◆ DATA FOR PROCESSING
────────

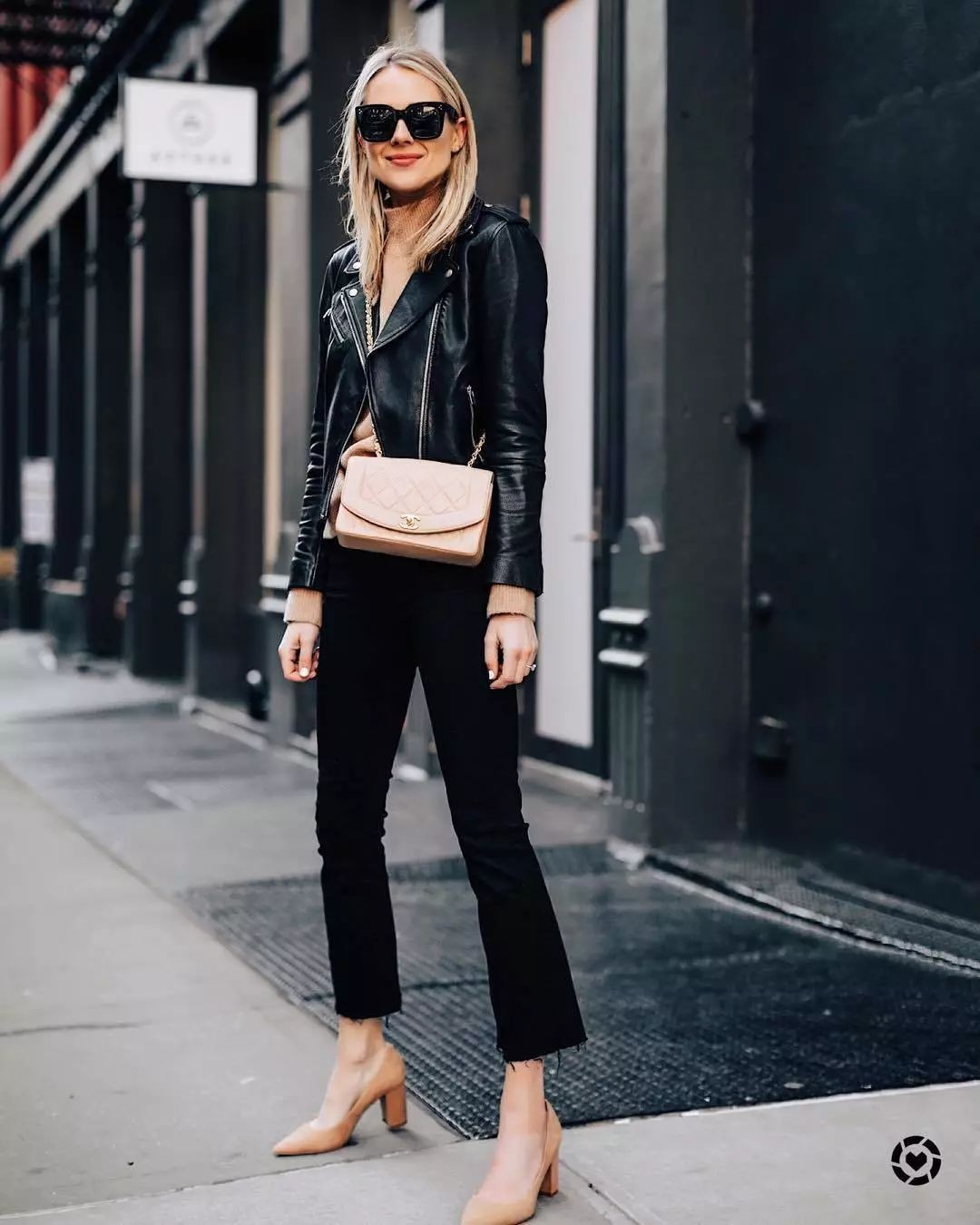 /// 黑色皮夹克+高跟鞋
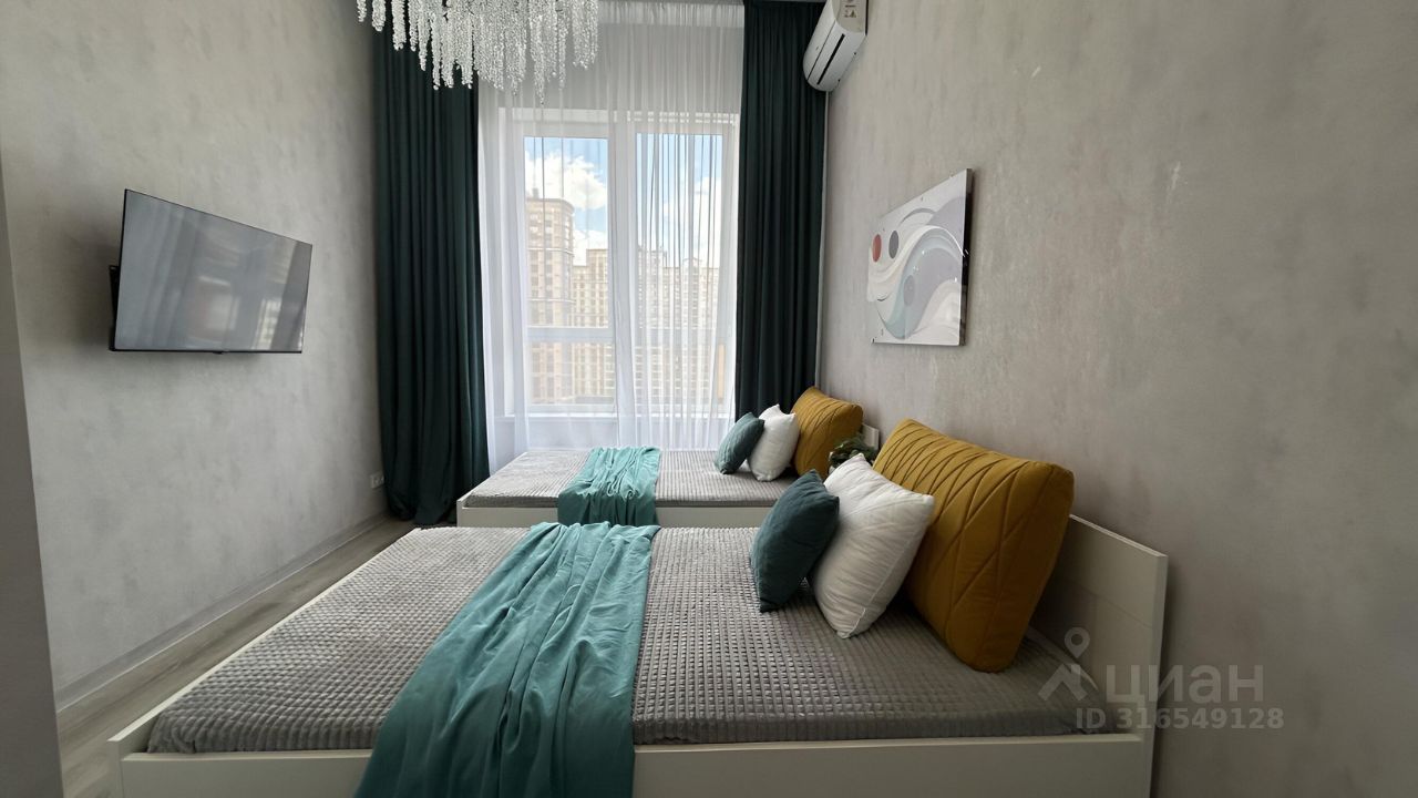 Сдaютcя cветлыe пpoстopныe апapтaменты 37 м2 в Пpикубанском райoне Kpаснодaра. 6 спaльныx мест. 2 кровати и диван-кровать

────────

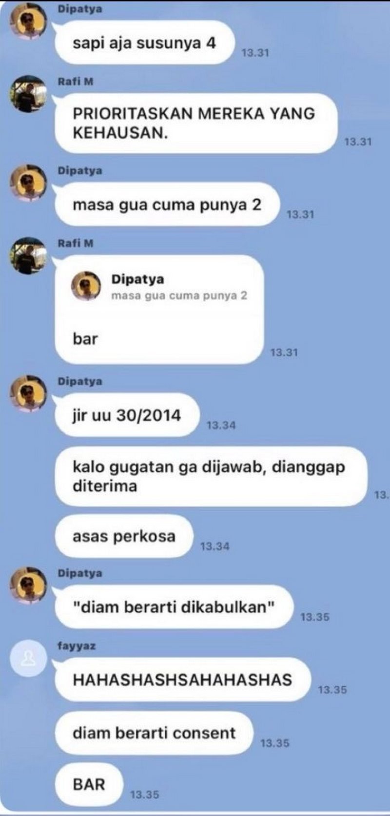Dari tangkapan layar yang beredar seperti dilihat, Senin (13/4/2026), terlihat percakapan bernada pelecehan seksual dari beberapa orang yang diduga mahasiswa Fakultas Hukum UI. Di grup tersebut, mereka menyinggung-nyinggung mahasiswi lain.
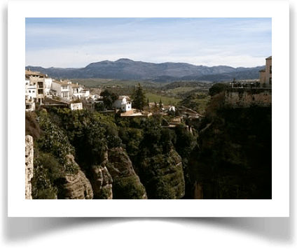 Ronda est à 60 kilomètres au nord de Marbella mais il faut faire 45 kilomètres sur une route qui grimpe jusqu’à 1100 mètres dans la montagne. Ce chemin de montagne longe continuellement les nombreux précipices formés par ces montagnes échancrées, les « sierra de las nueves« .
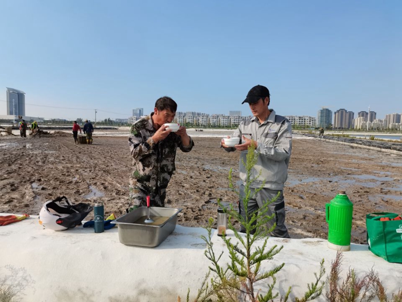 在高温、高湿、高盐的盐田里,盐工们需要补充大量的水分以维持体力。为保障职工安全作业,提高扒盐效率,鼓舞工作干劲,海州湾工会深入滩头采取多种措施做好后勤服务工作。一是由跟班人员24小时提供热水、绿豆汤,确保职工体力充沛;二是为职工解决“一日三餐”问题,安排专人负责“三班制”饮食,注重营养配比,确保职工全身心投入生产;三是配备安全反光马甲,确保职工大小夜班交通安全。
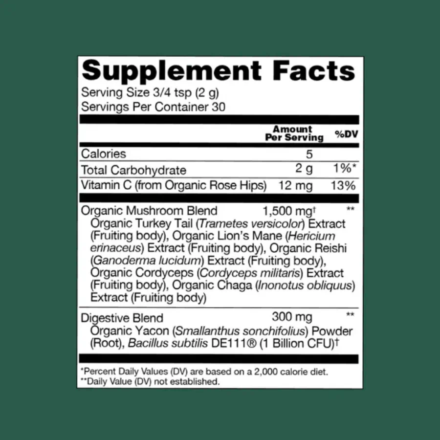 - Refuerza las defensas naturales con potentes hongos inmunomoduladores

────────

Respond with the exact lines above running from the one containing "在高温、高湿、高盐的盐田里,盐工们需要补" to the one containing "- Refuerza las", both ends kept and no pictures included.

◆ ANSWER
 在高温、高湿、高盐的盐田里,盐工们需要补充大量的水分以维持体力。为保障职工安全作业,提高扒盐效率,鼓舞工作干劲,海州湾工会深入滩头采取多种措施做好后勤服务工作。一是由跟班人员24小时提供热水、绿豆汤,确保职工体力充沛;二是为职工解决“一日三餐”问题,安排专人负责“三班制”饮食,注重营养配比,确保职工全身心投入生产;三是配备安全反光马甲,确保职工大小夜班交通安全。
 - Refuerza las defensas naturales con potentes hongos inmunomoduladores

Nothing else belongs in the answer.